● **HOW TO COMPLETE THIS TASK**: Pictures are not part of the copy. Set down exactly the lines from the one containing "在资本领域,国产美瞳品牌成为" through the last line of the material below.

● **DATA SHOWN**:

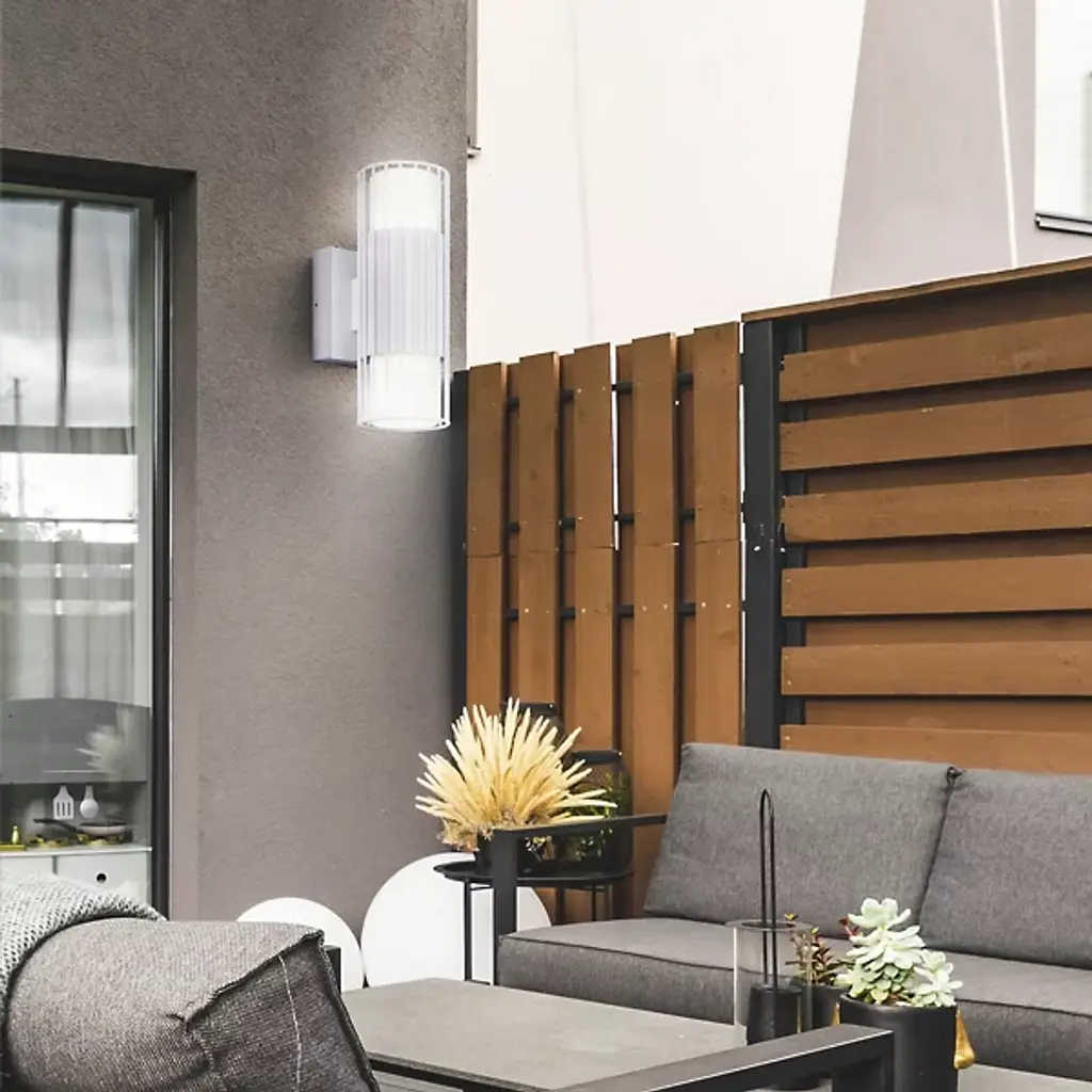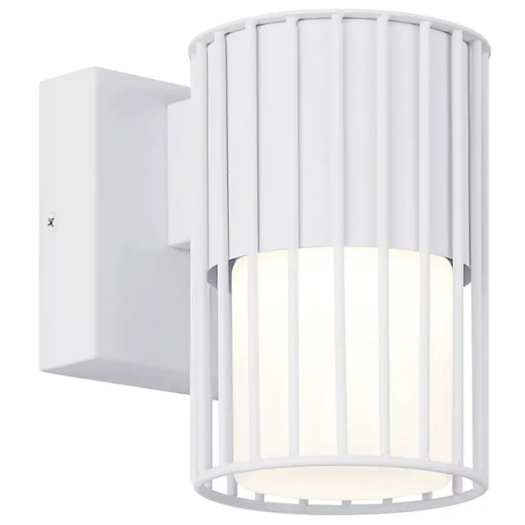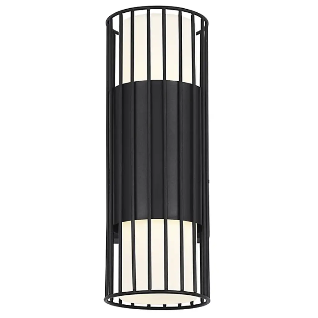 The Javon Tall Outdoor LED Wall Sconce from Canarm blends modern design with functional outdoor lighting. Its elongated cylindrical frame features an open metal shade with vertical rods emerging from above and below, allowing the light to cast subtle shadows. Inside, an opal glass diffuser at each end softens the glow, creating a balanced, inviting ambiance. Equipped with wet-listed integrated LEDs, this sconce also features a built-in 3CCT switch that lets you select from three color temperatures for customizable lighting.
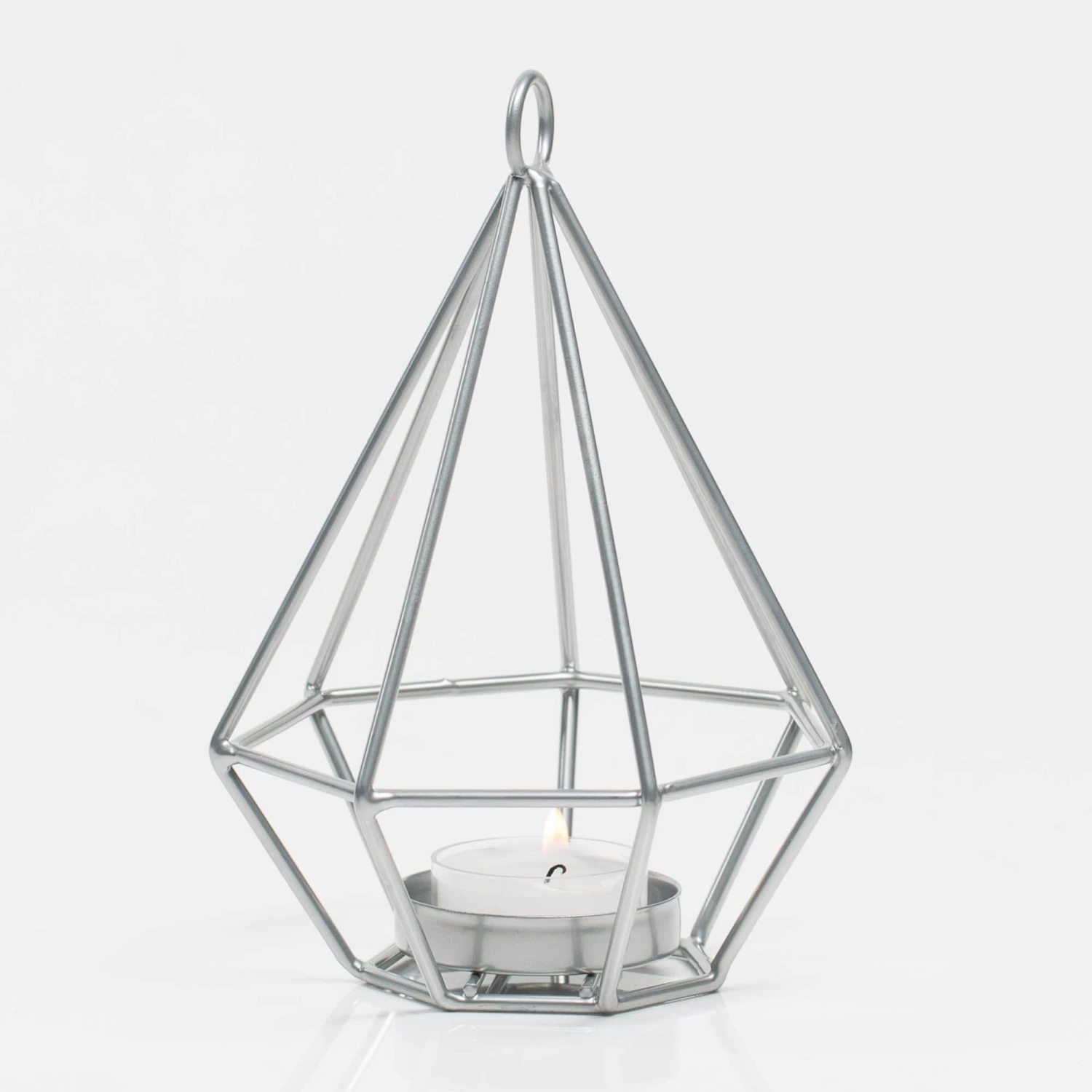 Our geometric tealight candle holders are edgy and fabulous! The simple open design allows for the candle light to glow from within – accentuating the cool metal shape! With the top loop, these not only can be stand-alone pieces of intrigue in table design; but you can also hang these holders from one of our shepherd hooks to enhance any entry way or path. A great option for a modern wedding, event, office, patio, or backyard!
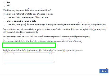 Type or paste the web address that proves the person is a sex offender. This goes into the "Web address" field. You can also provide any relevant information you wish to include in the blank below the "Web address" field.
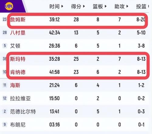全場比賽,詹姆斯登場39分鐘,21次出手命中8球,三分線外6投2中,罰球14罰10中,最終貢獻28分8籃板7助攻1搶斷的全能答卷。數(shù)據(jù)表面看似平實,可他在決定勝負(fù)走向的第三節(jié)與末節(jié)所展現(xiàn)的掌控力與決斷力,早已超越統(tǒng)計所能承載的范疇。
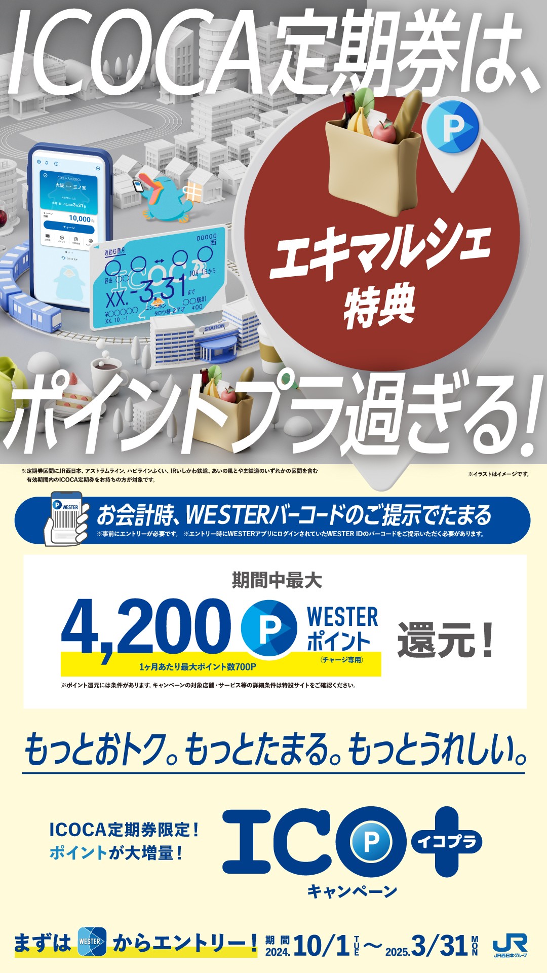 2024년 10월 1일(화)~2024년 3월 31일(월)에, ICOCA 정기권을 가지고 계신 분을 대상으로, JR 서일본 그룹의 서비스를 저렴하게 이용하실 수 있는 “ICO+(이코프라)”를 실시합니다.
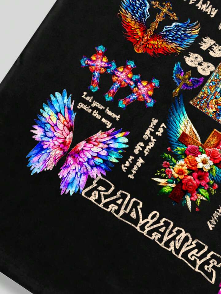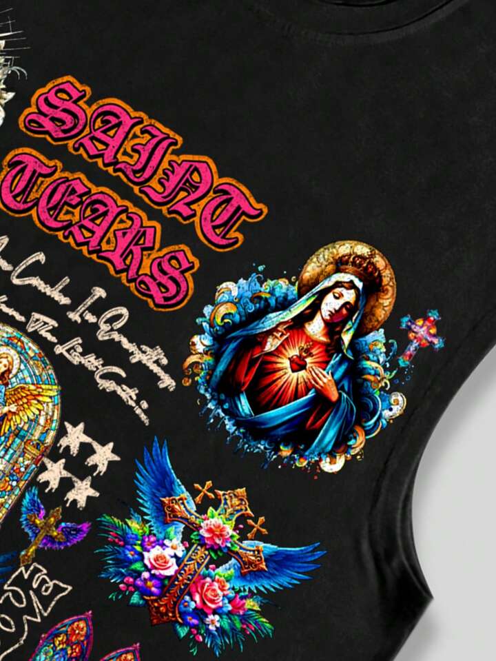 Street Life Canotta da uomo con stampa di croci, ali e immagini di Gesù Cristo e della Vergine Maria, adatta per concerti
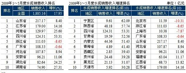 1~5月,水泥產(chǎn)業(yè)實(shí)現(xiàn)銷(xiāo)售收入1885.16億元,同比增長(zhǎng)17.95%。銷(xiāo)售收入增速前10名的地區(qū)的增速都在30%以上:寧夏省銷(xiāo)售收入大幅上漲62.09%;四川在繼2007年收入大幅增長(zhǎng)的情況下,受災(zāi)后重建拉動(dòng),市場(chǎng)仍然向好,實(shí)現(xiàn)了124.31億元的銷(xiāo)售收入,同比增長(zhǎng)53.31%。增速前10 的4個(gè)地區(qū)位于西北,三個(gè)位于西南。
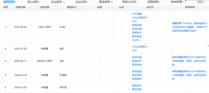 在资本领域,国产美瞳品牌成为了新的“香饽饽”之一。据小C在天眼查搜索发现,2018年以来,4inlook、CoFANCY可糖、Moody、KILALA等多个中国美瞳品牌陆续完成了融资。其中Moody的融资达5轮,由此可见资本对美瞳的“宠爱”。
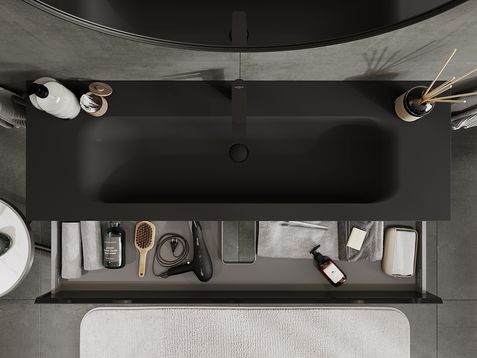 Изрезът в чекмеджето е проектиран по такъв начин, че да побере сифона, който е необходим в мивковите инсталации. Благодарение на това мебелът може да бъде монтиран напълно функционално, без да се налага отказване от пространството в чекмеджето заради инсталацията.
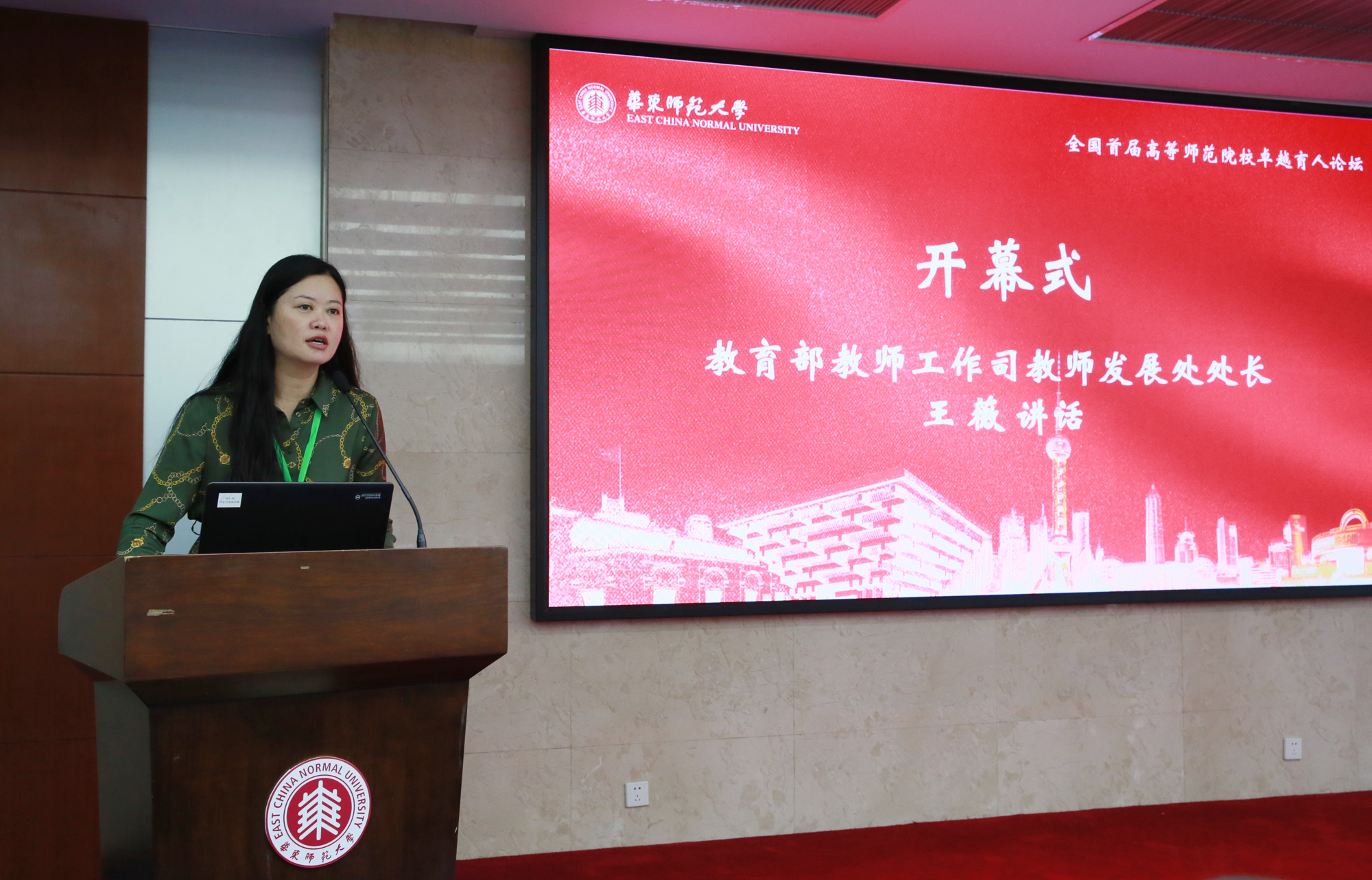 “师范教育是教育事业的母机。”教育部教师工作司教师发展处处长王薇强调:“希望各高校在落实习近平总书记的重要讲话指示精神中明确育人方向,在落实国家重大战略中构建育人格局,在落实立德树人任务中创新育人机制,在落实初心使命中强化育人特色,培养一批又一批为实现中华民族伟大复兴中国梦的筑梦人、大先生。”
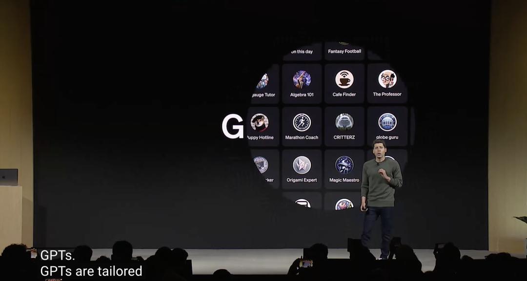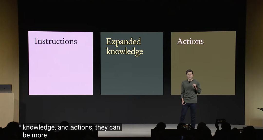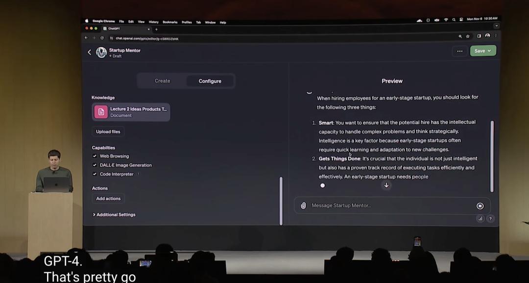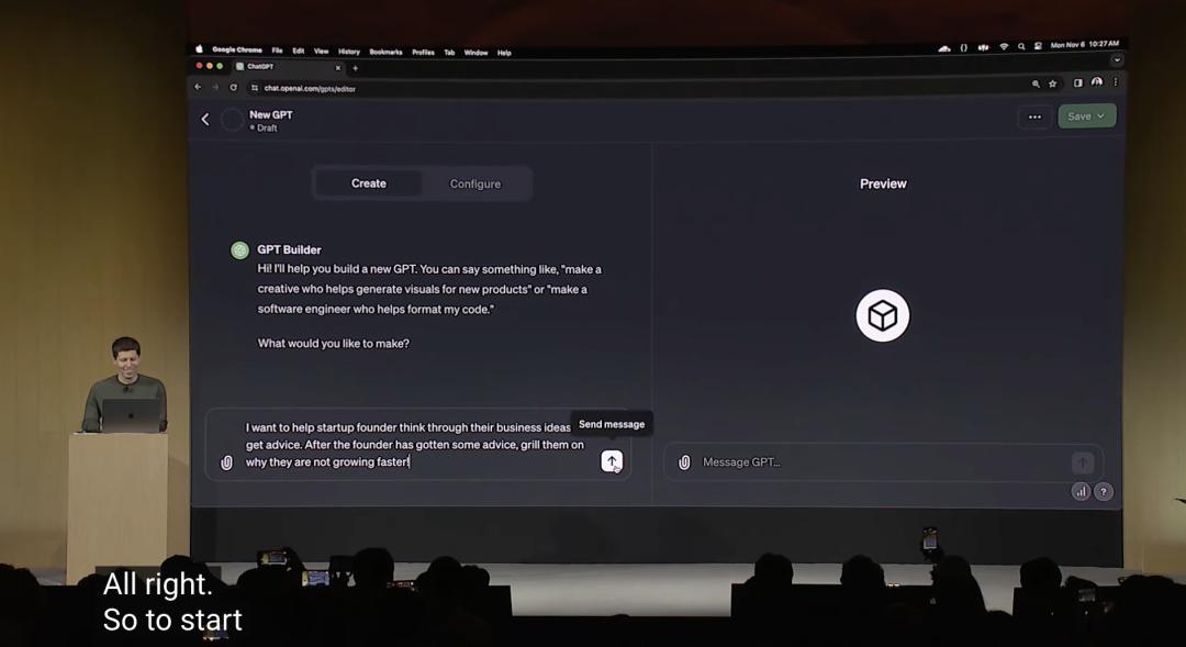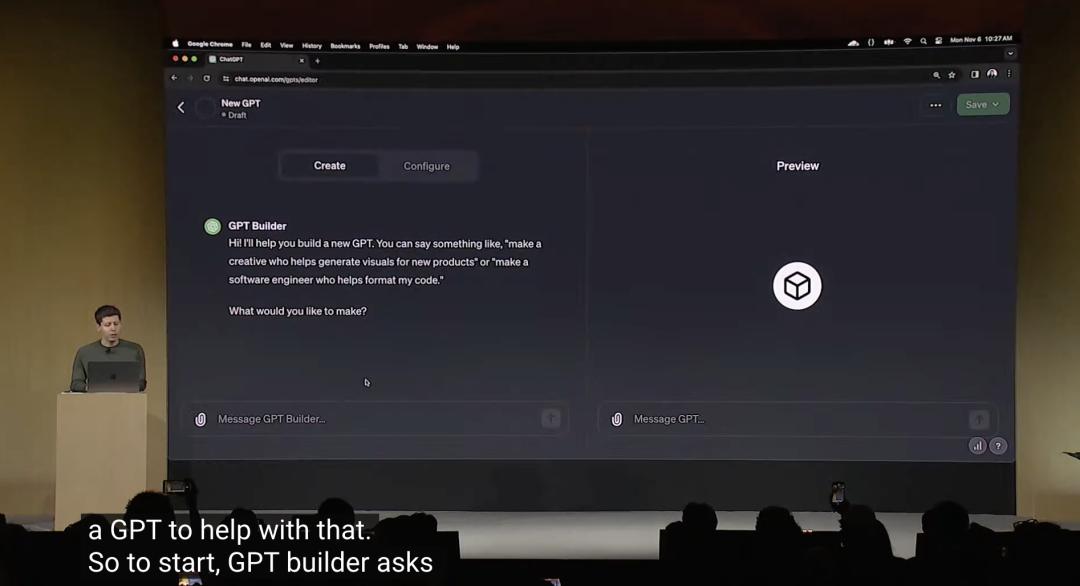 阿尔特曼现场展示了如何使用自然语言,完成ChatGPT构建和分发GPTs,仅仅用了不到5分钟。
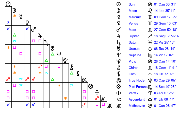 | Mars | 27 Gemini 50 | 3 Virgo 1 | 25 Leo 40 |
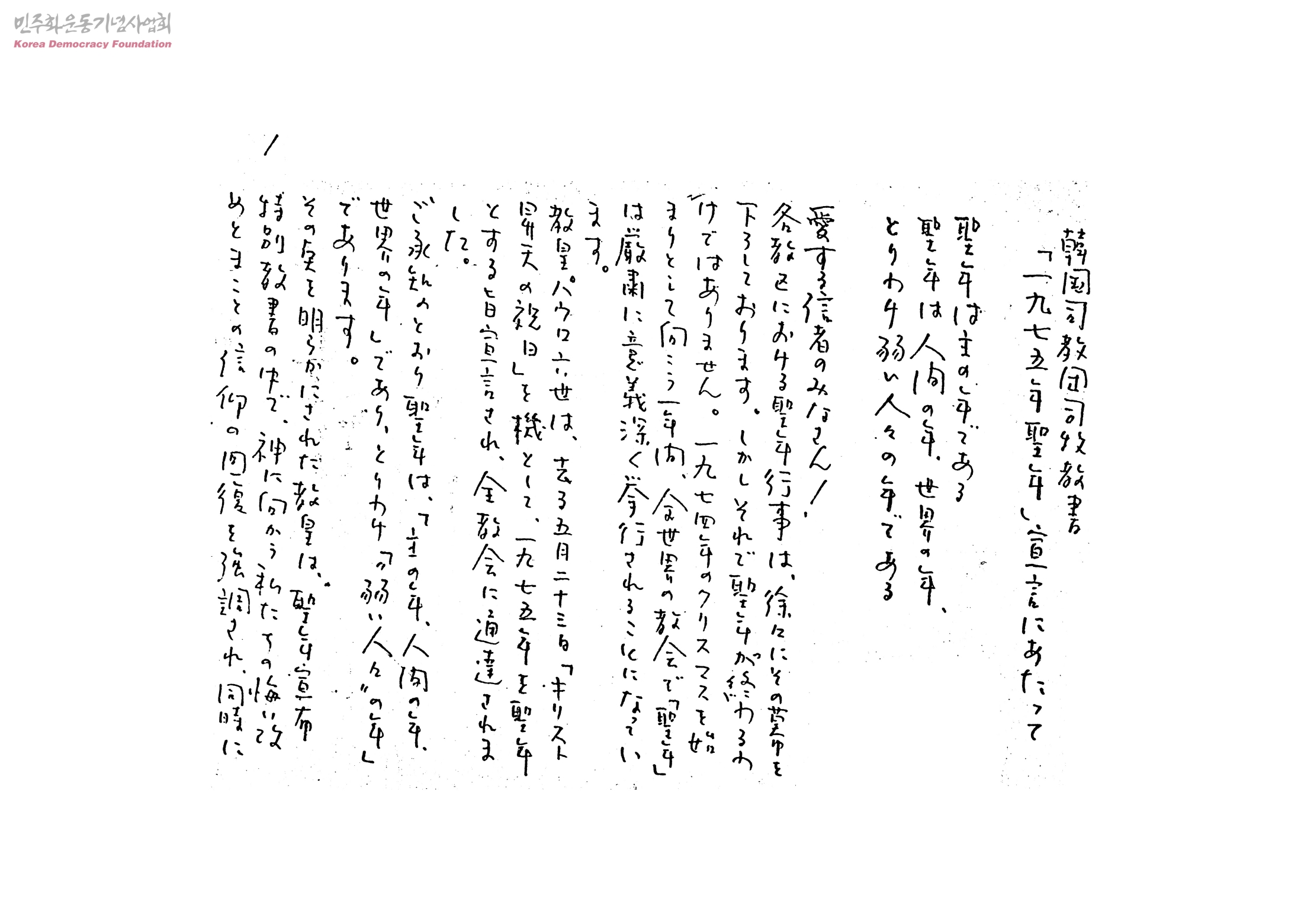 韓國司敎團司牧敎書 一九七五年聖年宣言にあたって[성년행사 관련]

● **SOLUTION FOR THIS TASK**:
 在资本领域,国产美瞳品牌成为了新的“香饽饽”之一。据小C在天眼查搜索发现,2018年以来,4inlook、CoFANCY可糖、Moody、KILALA等多个中国美瞳品牌陆续完成了融资。其中Moody的融资达5轮,由此可见资本对美瞳的“宠爱”。
 Изрезът в чекмеджето е проектиран по такъв начин, че да побере сифона, който е необходим в мивковите инсталации. Благодарение на това мебелът може да бъде монтиран напълно функционално, без да се налага отказване от пространството в чекмеджето заради инсталацията.
 “师范教育是教育事业的母机。”教育部教师工作司教师发展处处长王薇强调:“希望各高校在落实习近平总书记的重要讲话指示精神中明确育人方向,在落实国家重大战略中构建育人格局,在落实立德树人任务中创新育人机制,在落实初心使命中强化育人特色,培养一批又一批为实现中华民族伟大复兴中国梦的筑梦人、大先生。”
 阿尔特曼现场展示了如何使用自然语言,完成ChatGPT构建和分发GPTs,仅仅用了不到5分钟。
 | Mars | 27 Gemini 50 | 3 Virgo 1 | 25 Leo 40 |
 韓國司敎團司牧敎書 一九七五年聖年宣言にあたって[성년행사 관련]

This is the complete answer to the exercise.